Let \( y=\tan (2 x+5) \). Find the differential \( d y \) when \( x=1 \) and \( d x=0.1 \) Find the differential \( d y \) when \( x=1 \) and \( d x=0.2 \)

To find the differential \( d y \) when \( y = \tan(2x + 5) \), we first need to determine the derivative \( \frac{dy}{dx} \).
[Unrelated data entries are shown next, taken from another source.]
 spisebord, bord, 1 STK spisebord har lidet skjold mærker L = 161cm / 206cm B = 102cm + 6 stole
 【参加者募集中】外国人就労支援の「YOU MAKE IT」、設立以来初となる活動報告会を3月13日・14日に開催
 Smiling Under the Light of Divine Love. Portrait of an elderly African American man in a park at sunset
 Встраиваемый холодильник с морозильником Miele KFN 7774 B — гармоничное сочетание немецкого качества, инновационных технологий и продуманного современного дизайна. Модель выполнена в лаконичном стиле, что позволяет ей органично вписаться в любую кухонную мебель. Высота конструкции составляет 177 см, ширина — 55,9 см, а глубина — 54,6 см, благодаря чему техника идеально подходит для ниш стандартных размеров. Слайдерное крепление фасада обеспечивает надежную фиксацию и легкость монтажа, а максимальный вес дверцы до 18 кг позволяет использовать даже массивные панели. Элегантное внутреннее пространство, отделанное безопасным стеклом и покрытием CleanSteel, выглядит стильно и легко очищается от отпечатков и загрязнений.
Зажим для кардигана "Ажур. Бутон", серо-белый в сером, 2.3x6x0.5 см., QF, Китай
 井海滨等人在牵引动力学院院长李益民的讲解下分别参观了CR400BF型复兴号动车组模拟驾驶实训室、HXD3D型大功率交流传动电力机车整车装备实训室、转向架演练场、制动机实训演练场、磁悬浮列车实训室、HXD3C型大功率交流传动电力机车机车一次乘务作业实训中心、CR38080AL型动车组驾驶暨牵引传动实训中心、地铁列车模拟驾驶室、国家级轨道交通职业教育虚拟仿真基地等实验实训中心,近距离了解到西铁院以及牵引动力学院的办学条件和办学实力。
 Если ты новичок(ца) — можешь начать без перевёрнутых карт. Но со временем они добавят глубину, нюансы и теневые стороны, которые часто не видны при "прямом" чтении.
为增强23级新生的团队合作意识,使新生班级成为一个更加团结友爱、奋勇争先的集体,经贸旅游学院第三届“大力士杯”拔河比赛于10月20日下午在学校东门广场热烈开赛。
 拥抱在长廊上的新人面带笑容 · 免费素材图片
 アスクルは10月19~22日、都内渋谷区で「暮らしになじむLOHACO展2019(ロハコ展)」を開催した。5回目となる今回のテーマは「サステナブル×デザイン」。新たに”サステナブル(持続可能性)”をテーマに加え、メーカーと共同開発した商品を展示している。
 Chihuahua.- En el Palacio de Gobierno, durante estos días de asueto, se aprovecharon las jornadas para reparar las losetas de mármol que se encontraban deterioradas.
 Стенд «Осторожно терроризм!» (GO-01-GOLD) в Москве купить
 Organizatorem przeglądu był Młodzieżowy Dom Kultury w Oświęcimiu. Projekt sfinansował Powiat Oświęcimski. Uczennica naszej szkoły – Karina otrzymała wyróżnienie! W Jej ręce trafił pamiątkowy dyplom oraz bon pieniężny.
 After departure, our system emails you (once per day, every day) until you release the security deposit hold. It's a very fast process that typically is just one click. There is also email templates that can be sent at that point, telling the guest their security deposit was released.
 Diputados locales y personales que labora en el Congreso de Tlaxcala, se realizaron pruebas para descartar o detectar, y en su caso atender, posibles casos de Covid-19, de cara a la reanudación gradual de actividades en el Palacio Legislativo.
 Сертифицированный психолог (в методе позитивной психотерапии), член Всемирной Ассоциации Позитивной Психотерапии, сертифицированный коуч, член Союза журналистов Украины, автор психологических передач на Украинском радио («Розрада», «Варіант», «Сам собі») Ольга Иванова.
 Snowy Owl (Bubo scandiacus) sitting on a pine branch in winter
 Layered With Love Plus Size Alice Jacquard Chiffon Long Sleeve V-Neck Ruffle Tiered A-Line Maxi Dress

Using the chain rule: \[ \frac{dy}{dx} = \sec^2(2x + 5) \cdot \frac{d(2x + 5)}{dx} = \sec^2(2x + 5) \cdot 2 = 2 \sec^2(2x + 5). \] Next, we need to evaluate this at \( x = 1 \): \[ 2x + 5 = 2(1) + 5 = 7 \quad \Rightarrow \quad \sec^2(7) = \frac{1}{\cos^2(7)}. \] Now, we calculate \( d y \): \[ d y = \frac{dy}{dx} \cdot d x. \] ### For \( d x = 0.1 \): First, we calculate: \[ \frac{dy}{dx} \bigg|_{x=1} = 2 \sec^2(7), \] thus: \[ d y = 2 \sec^2(7) \cdot 0.1 = 0.2 \sec^2(7). \] ### For \( d x = 0.2 \): Similarly: \[ d y = 2 \sec^2(7) \cdot 0.2 = 0.4 \sec^2(7). \] In summary: - When \( x = 1 \) and \( d x = 0.1 \), \( d y = 0.2 \sec^2(7) \). - When \( x = 1 \) and \( d x = 0.2 \), \( d y = 0.4 \sec^2(7) \).